4 Comments

  1. It's a lot less weird if you think of the clothes as costumes, and the wearers as people who like to play dress up…

  2. This little speech, from "The Devil Wears Prada" actually explains it well:

    "This… 'stuff'? Oh… ok. I see, you think this has nothing to do with you. You go to your closet and you select out, oh I don't know, that lumpy blue sweater, for instance, because you're trying to tell the world that you take yourself too seriously to care about what you put on your back. But what you don't know is that that sweater is not just blue, it's not turquoise, it's not lapis, it's actually cerulean. You're also blithely unaware of the fact that in 2002, Oscar De La Renta did a collection of cerulean gowns. And then I think it was Yves St Laurent, wasn't it, who showed cerulean military jackets? I think we need a jacket here. And then cerulean quickly showed up in the collections of 8 different designers. Then it filtered down through the department stores and then trickled on down into some tragic casual corner where you, no doubt, fished it out of some clearance bin. However, that blue represents millions of dollars and countless jobs and so it's sort of comical how you think that you've made a choice that exempts you from the fashion industry when, in fact, you're wearing the sweater that was selected for you by the people in this room. From a pile of stuff."

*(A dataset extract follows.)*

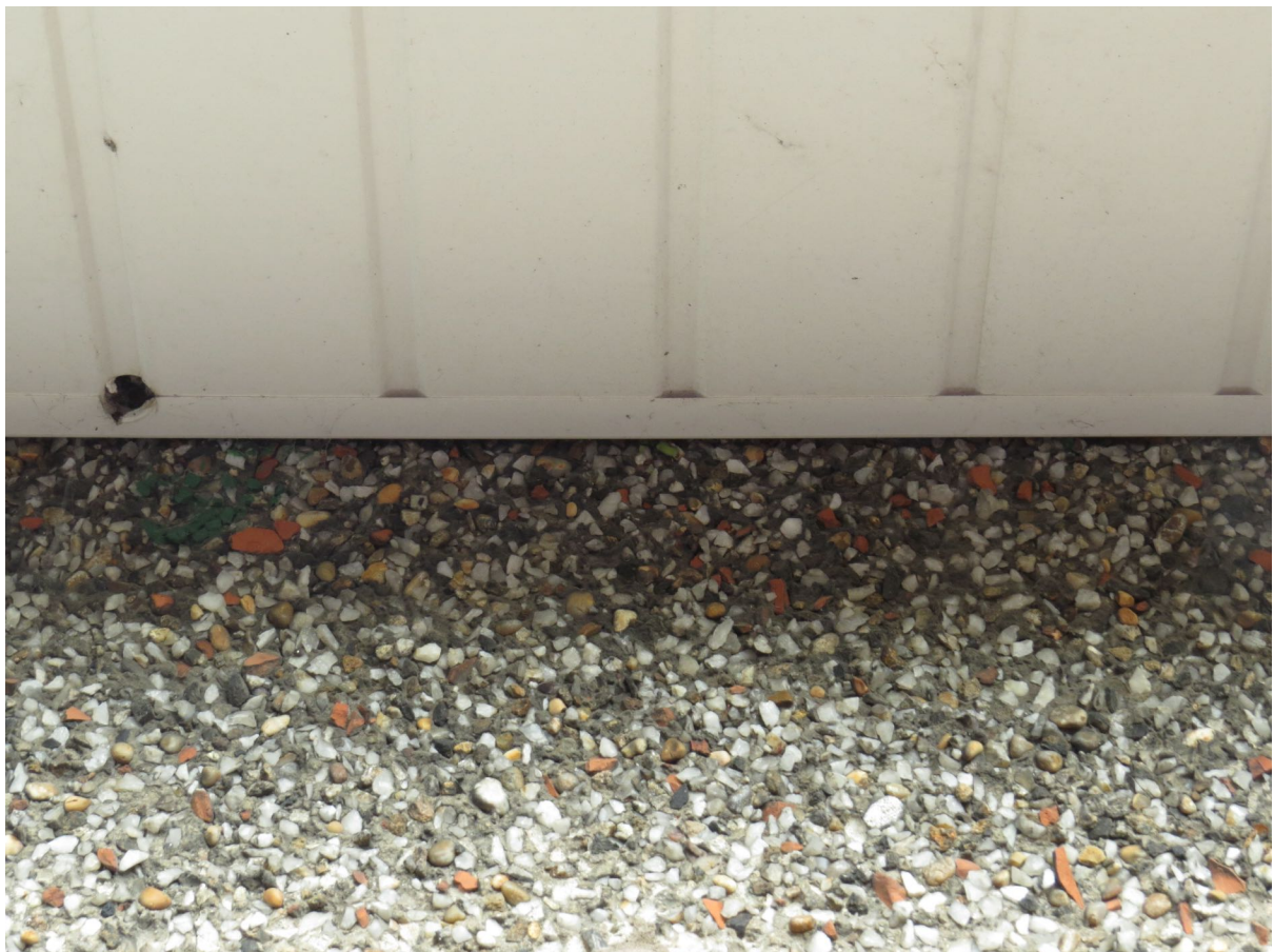
4 – Fascia boards and soffits at the eaves are fixed tightly against brickwork.

    Or you could consider that the rag trade is one of the biggest industries remaining in the US, and is also the easiest way into industrialization for under-developed economies.

    Perhaps this will resonate: in every dystopian movie ever made the first way we know that the society depicted is repressive and soul-crushing is that the population is all dressed alike. (Usually in jumpsuits. What's up with that?)

    You have a signature look, and that's fine, but it is a fine line between having a signature look and dressing like a cartoon character. Style is timeless, and fashion changes, but both can be fun. Once one are past the notion that clothing is worn solely to cover our nakedness and provide us with pockets the opportunities for creative self-expression open up, and the clothes we put on our back become something to enjoy– a source of delight. We could eat nothing but porridge, but what a beak existence that would be. I like oatmeal fine, but I don't have it every day, and I don't want to dress like a bowl of oatmeal.

    And I am very glad that the people I look at don't dress like that either.

  3. "once one is". Editing on the fly.

  4. The LAST time I ever ceded to fashion, I bought two polyester suits. Never again!